What to do —
Your output should be the lines below from the one with "Para hacer estas" through the one with "Gina Tricot klackskor", copied exactly, pictures excluded.

___ Dataset excerpts ___

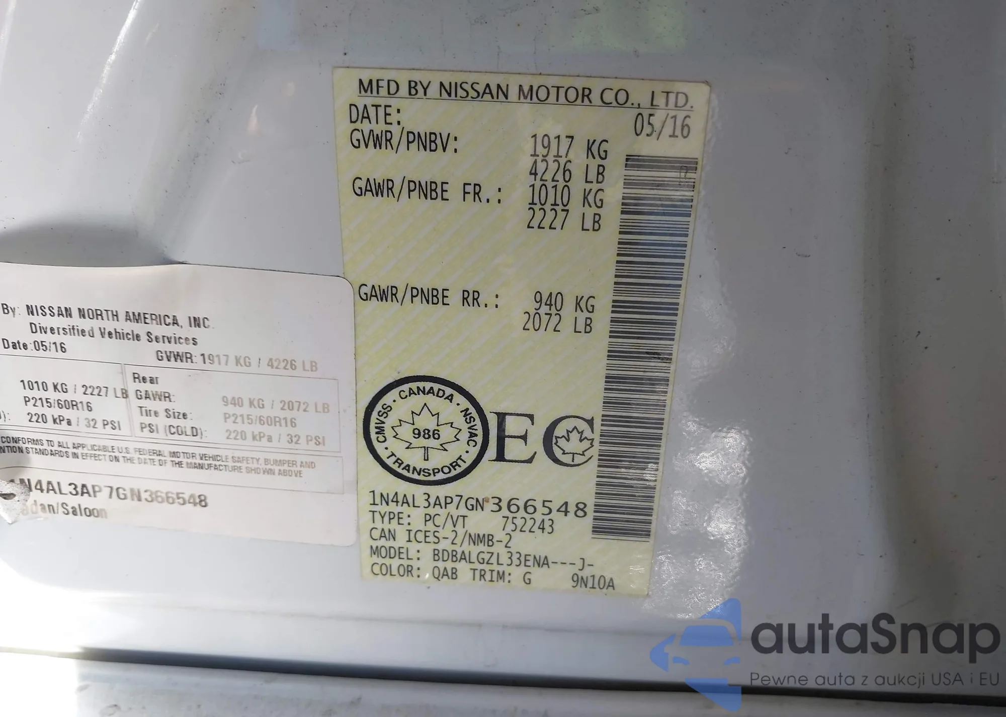 LOT: 36297435 VIN: 1N4AL2AP5CN543084
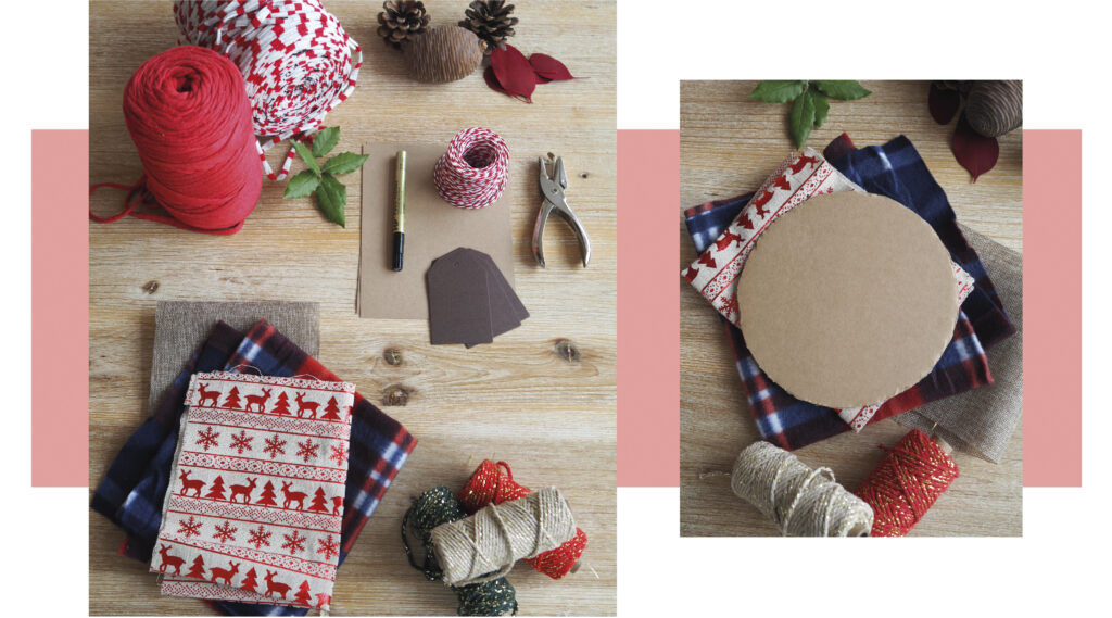 Para hacer estas bolas aprovecharemos esos retales de tela que papá y mamá tienen guardados en el cajón de la costura. Seguro que allí hay guardados algunos bajos de las cortinas o telas que sobrantes de otras cosas y que no se han usado nunca. También necesitarás cintas y/o cuerdas para atar las bolas y darle ese toque navideño.
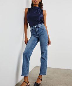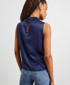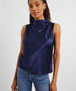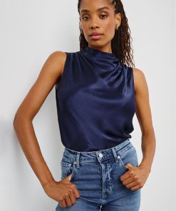 The Kaleen Top is a contemporary tank crafted from smooth, satin back crepe. It features a draped mock neck and fluid silhouette with a traditional camisole fit.
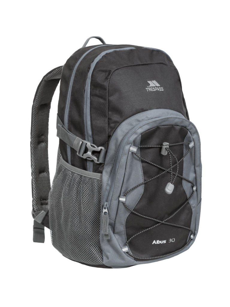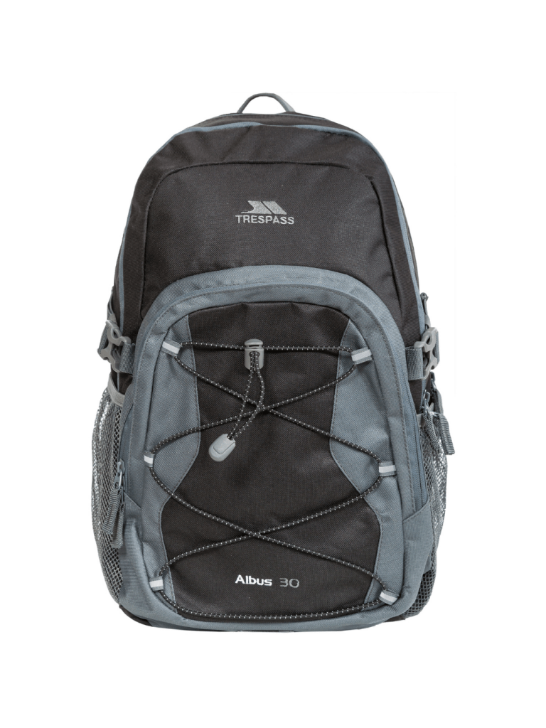 30 Liters Grå Trespass Albus rygsæk med ialt tre rum, og plads til flasker i siden. Elastikker på front, hvor du F.eks. kan spænde din jakke fast under vandreture.
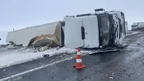 Siverek-Şanlıurfa kara yolunda tır devrildi; ulaşım tek şeritten kontrollü sağlanıyor
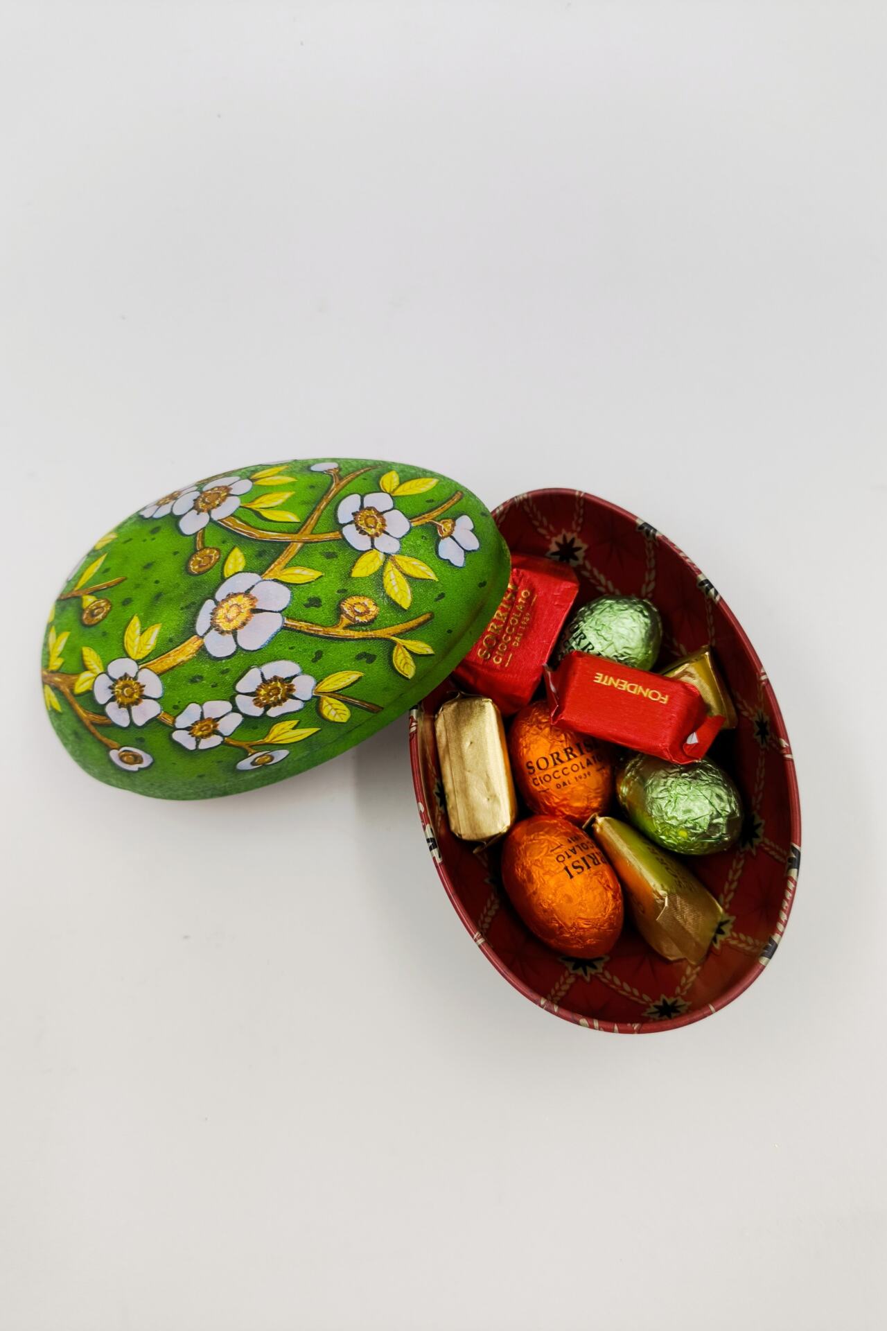 Μεταλλικό ιταλικό αυγό γεμιστό με χειροποίητα σοκολατάκια απο το Τορίνο
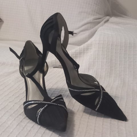 Gina Tricot klackskor i svart färg, storlek 36. Skorna har smal, hög klack och spetsig tå. Ovandel i textil med slät yta och innersula i ljus ton. Passar till exempelvis fest, vardagsbruk eller andra tillfällen där klackskor önskas.
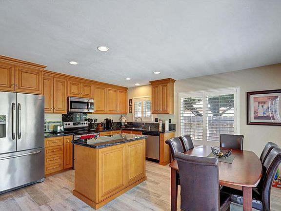 Live the Encinitas coastal lifestyle in this meticulously maintained single story Village Park home. This home has been owned by the same family for 35 years and offers 3 bedrooms and 2 baths and is located on a rare double cul-de-sac. No worries about traffic. This wonderful and inviting home has been updated and upgraded throughout and has a light, bright modern feel. There is a cozy fireplace in the living room, granite in the kitchen, dual paned windows with planation blinds, tankless water heater, and luxury plank vinyl flooring. Outside the home is a gazebo covered relaxing spa, stamped concrete front courtyard and backyard, backyard retaining wall, succulent garden, easy care artificial turf. There is an amazing side yard that might accommodate an ADU or RV parking. The home sits on an oversized lot. The community offers walking trails, pool, community room, dog park, pickle ball courts, and more. This home is walking distance to Park Dale Lane Elementary School and the community pool. The ocean is under 3 miles away. Encinitas living, double cul-de-sac, light bright remodeled modern home. Don’t miss it.

___

Solution for this task —
 Para hacer estas bolas aprovecharemos esos retales de tela que papá y mamá tienen guardados en el cajón de la costura. Seguro que allí hay guardados algunos bajos de las cortinas o telas que sobrantes de otras cosas y que no se han usado nunca. También necesitarás cintas y/o cuerdas para atar las bolas y darle ese toque navideño.
 The Kaleen Top is a contemporary tank crafted from smooth, satin back crepe. It features a draped mock neck and fluid silhouette with a traditional camisole fit.
 30 Liters Grå Trespass Albus rygsæk med ialt tre rum, og plads til flasker i siden. Elastikker på front, hvor du F.eks. kan spænde din jakke fast under vandreture.
 Siverek-Şanlıurfa kara yolunda tır devrildi; ulaşım tek şeritten kontrollü sağlanıyor
 Μεταλλικό ιταλικό αυγό γεμιστό με χειροποίητα σοκολατάκια απο το Τορίνο
 Gina Tricot klackskor i svart färg, storlek 36. Skorna har smal, hög klack och spetsig tå. Ovandel i textil med slät yta och innersula i ljus ton. Passar till exempelvis fest, vardagsbruk eller andra tillfällen där klackskor önskas.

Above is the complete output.